TASK TO CARRY OUT:
Given the entries that follow, write out exactly the lines starting at the one containing "bout du conte" and ending at the one containing "Passé à ton", both ends included, and only those.

───── THE DATA ─────

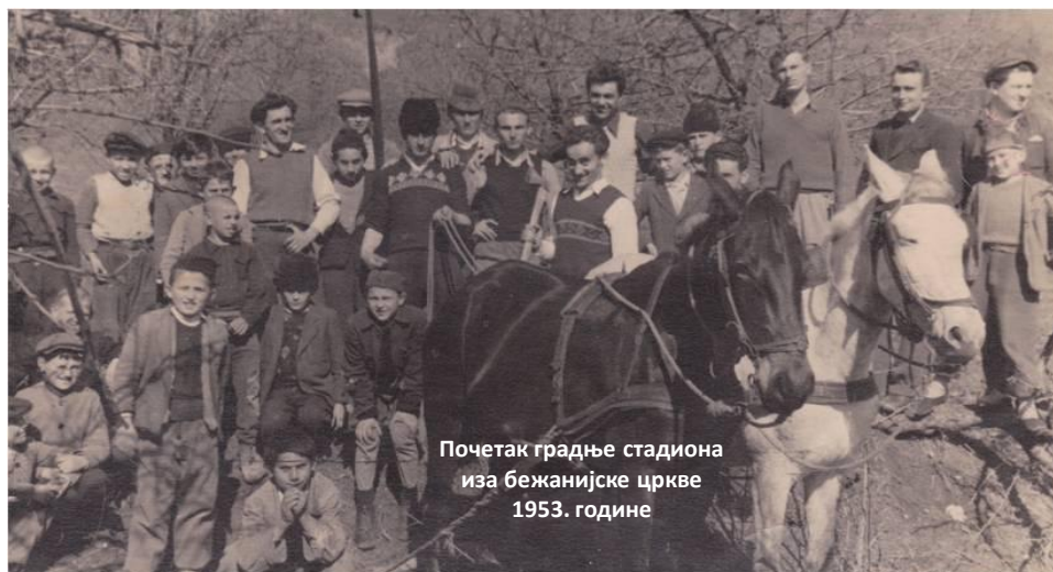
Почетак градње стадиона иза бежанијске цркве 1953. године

─────
───── THE DATA ─────

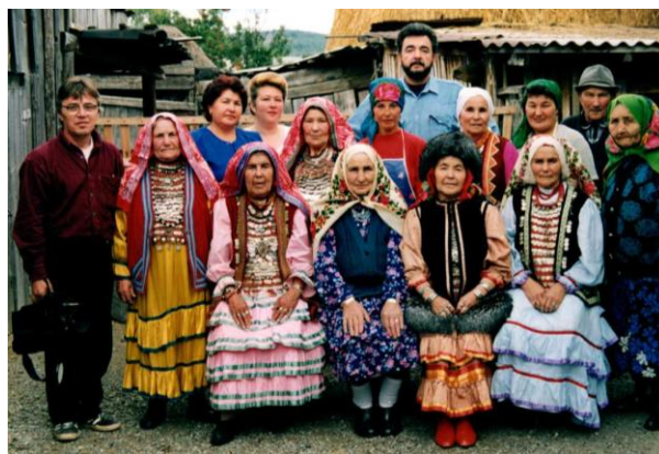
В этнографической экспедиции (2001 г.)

─────
───── THE DATA ─────

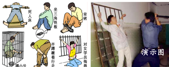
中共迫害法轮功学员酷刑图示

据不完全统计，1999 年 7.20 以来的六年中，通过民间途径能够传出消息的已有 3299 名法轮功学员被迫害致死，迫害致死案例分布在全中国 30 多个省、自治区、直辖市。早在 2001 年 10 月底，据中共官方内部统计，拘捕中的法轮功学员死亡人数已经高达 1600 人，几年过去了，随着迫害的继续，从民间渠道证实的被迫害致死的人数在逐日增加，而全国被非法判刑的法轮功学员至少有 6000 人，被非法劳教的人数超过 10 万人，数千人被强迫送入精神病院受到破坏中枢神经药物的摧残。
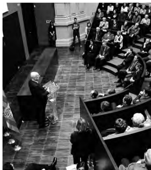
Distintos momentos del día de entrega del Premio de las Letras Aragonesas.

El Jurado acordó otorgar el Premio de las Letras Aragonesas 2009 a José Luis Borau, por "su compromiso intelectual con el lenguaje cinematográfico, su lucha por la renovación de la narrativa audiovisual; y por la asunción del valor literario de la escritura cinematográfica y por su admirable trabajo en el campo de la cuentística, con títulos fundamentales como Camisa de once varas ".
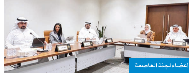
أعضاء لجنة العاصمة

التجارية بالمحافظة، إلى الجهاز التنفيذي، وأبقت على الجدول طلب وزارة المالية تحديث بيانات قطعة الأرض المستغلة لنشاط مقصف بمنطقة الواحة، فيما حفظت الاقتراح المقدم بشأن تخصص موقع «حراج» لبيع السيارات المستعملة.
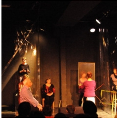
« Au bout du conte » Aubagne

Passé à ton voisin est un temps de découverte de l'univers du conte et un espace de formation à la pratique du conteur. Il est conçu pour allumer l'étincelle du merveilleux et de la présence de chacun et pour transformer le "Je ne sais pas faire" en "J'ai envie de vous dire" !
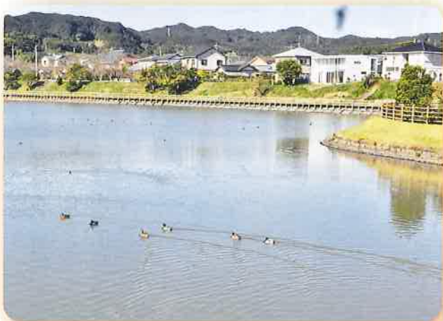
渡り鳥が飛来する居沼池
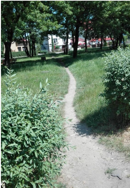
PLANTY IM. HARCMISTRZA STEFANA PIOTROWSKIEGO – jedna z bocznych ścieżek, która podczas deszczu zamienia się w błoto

─────

EXERCISE SOLUTION:
« Au bout du conte » Aubagne

Passé à ton voisin est un temps de découverte de l'univers du conte et un espace de formation à la pratique du conteur. Il est conçu pour allumer l'étincelle du merveilleux et de la présence de chacun et pour transformer le "Je ne sais pas faire" en "J'ai envie de vous dire" !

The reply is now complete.